━━ SOURCE INFORMATION ━━

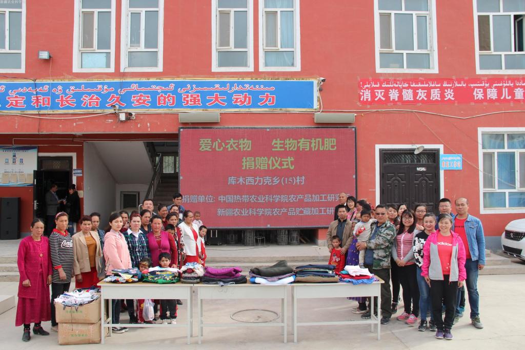 会后,举行“献爱心,送真情”衣物捐赠活动,农业部热带jc聚彩网农产品加工研究所干部职工为15村的乡亲们捐赠了238件干净整洁的新衣服和新书包。
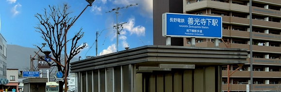 🚃電車長野電鉄長野線「善光寺下」駅 4番出口すぐ。雨の日もアクセスしやすい立地です。
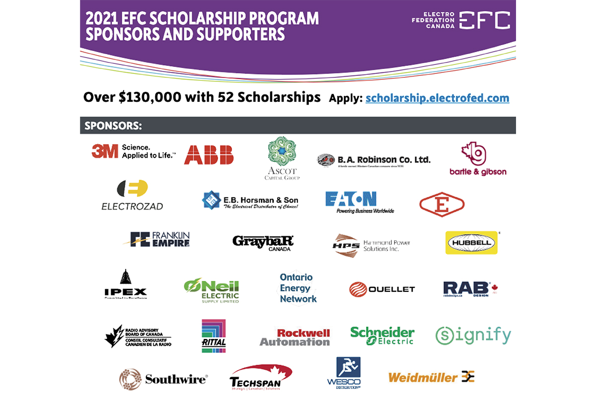 EFC is a national nonprofit industry association in Canada that represents manufacturers, distributors and manufacturing representatives who sell a wide range of electrical products, contributing more than $10 billion to the Canadian economy. EFC empowers the industry with market intelligence, professional development and acts as a voice for advocacy and standards advancement within a safe, collaborative environment. The organization and its members are proud to support the next generation of leaders who will power a changing world in the Canadian electrical industry through their annual Scholarship Program.
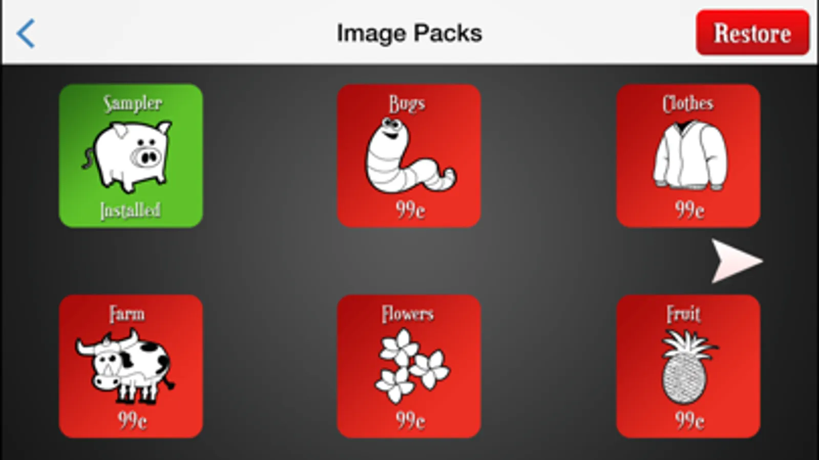 Adorable hand-drawn images dance around the screen one at a time, appealing to a child's preference for movement. The use of a single image against a solid background helps eliminate visual clutter while the use of highly saturated colors makes the image easier to see. Touching the image results in a reward sound as the image grows in size.
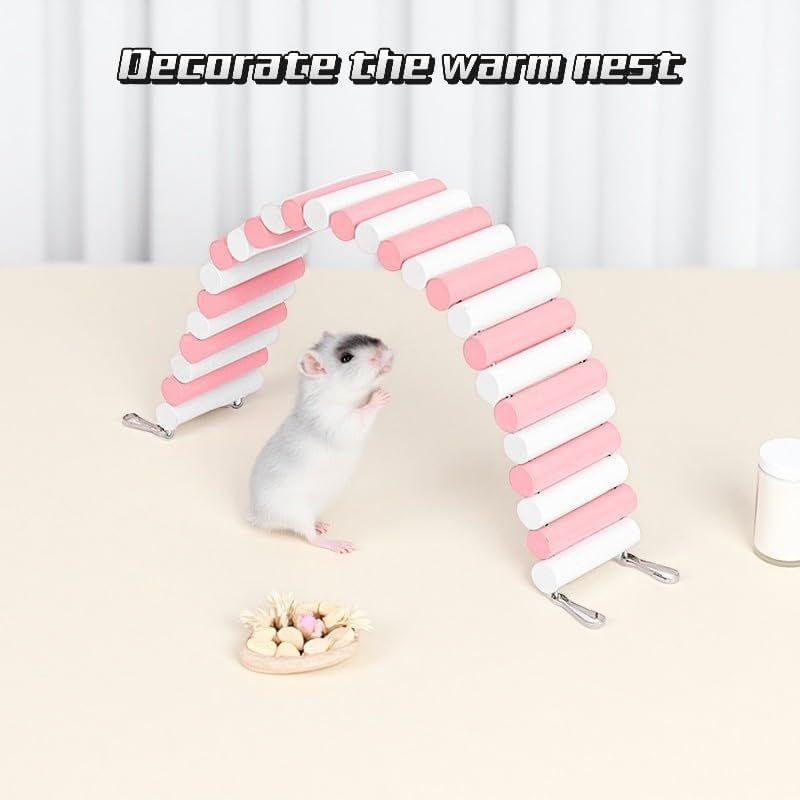 2Pcs Hamster Swing Toy, Soft Climbing Ladder, Wooden Arch Bridge, Hideaway Fence Tunnel, Landscape Supplies Climbing Ladder (Pink White)
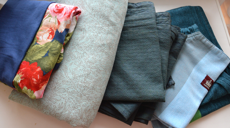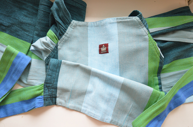 Май-слинг из шарфовой ткани "Беби-кинг", голубой с индиго и серым, носили любили, местами потрепан (в намотке не видно), в целом выглядит отлично 700р.
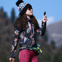 舒米勒户外女式时尚印花软壳抓绒衣修身防泼水透气开衫徒步冲锋衣
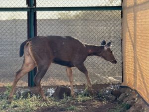 सदर वन्यप्राणी सांबर मादी असून अंदाजे वय 5 ते 6 वर्षे आहे. हे सांबर गौळाणे गावाचे मागील बाजूच्या जंगलातून आले असावे असा अंदाज आहे…सांबर सध्या सुस्थितीत असून त्याच्या डाव्या डोळ्यावर पुढील उपचार करण्यात येत आहे…

━━━

PROBLEM REQUIREMENTS:
Retype the lines exactly. Begin at the one that holds "舒米勒户外女式时尚印花软壳抓绒衣修身防泼水透气开衫徒步冲锋衣", stop at the last line of the entries above, and drop the pictures.

TASK RESPONSE:
 舒米勒户外女式时尚印花软壳抓绒衣修身防泼水透气开衫徒步冲锋衣
 सदर वन्यप्राणी सांबर मादी असून अंदाजे वय 5 ते 6 वर्षे आहे. हे सांबर गौळाणे गावाचे मागील बाजूच्या जंगलातून आले असावे असा अंदाज आहे…सांबर सध्या सुस्थितीत असून त्याच्या डाव्या डोळ्यावर पुढील उपचार करण्यात येत आहे…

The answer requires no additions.